TO DO ::
Ignoring every picture, transcribe the data in full as it stands.

INFORMATION SUPPLIED ::
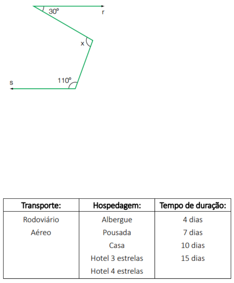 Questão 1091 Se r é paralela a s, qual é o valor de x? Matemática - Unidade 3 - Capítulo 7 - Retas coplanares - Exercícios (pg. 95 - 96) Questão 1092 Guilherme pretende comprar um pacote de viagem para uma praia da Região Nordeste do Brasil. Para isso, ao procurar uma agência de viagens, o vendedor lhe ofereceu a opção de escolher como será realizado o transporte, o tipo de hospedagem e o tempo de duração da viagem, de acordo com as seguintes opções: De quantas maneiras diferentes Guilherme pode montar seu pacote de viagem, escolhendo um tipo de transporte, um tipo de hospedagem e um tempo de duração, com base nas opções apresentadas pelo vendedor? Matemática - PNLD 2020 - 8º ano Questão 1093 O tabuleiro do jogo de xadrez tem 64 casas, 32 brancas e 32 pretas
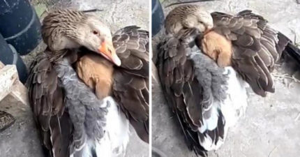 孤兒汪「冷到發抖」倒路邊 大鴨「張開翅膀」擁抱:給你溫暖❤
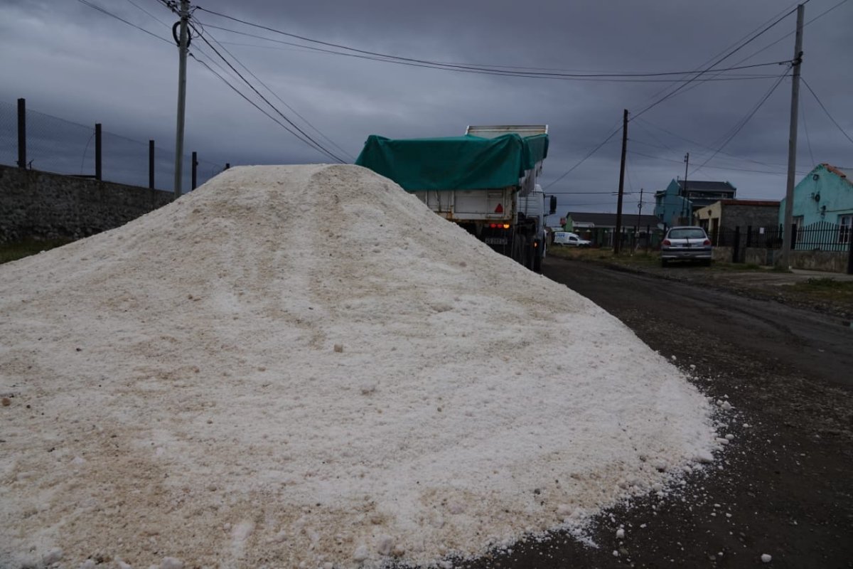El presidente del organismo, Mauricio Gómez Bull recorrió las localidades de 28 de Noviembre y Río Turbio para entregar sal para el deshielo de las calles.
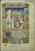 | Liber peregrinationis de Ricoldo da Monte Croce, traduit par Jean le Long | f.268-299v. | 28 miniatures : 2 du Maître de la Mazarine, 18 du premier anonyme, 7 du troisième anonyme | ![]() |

WORKED SOLUTION ::
 Questão 1091 Se r é paralela a s, qual é o valor de x? Matemática - Unidade 3 - Capítulo 7 - Retas coplanares - Exercícios (pg. 95 - 96) Questão 1092 Guilherme pretende comprar um pacote de viagem para uma praia da Região Nordeste do Brasil. Para isso, ao procurar uma agência de viagens, o vendedor lhe ofereceu a opção de escolher como será realizado o transporte, o tipo de hospedagem e o tempo de duração da viagem, de acordo com as seguintes opções: De quantas maneiras diferentes Guilherme pode montar seu pacote de viagem, escolhendo um tipo de transporte, um tipo de hospedagem e um tempo de duração, com base nas opções apresentadas pelo vendedor? Matemática - PNLD 2020 - 8º ano Questão 1093 O tabuleiro do jogo de xadrez tem 64 casas, 32 brancas e 32 pretas
 孤兒汪「冷到發抖」倒路邊 大鴨「張開翅膀」擁抱:給你溫暖❤
El presidente del organismo, Mauricio Gómez Bull recorrió las localidades de 28 de Noviembre y Río Turbio para entregar sal para el deshielo de las calles.
 | Liber peregrinationis de Ricoldo da Monte Croce, traduit par Jean le Long | f.268-299v. | 28 miniatures : 2 du Maître de la Mazarine, 18 du premier anonyme, 7 du troisième anonyme | ![]() |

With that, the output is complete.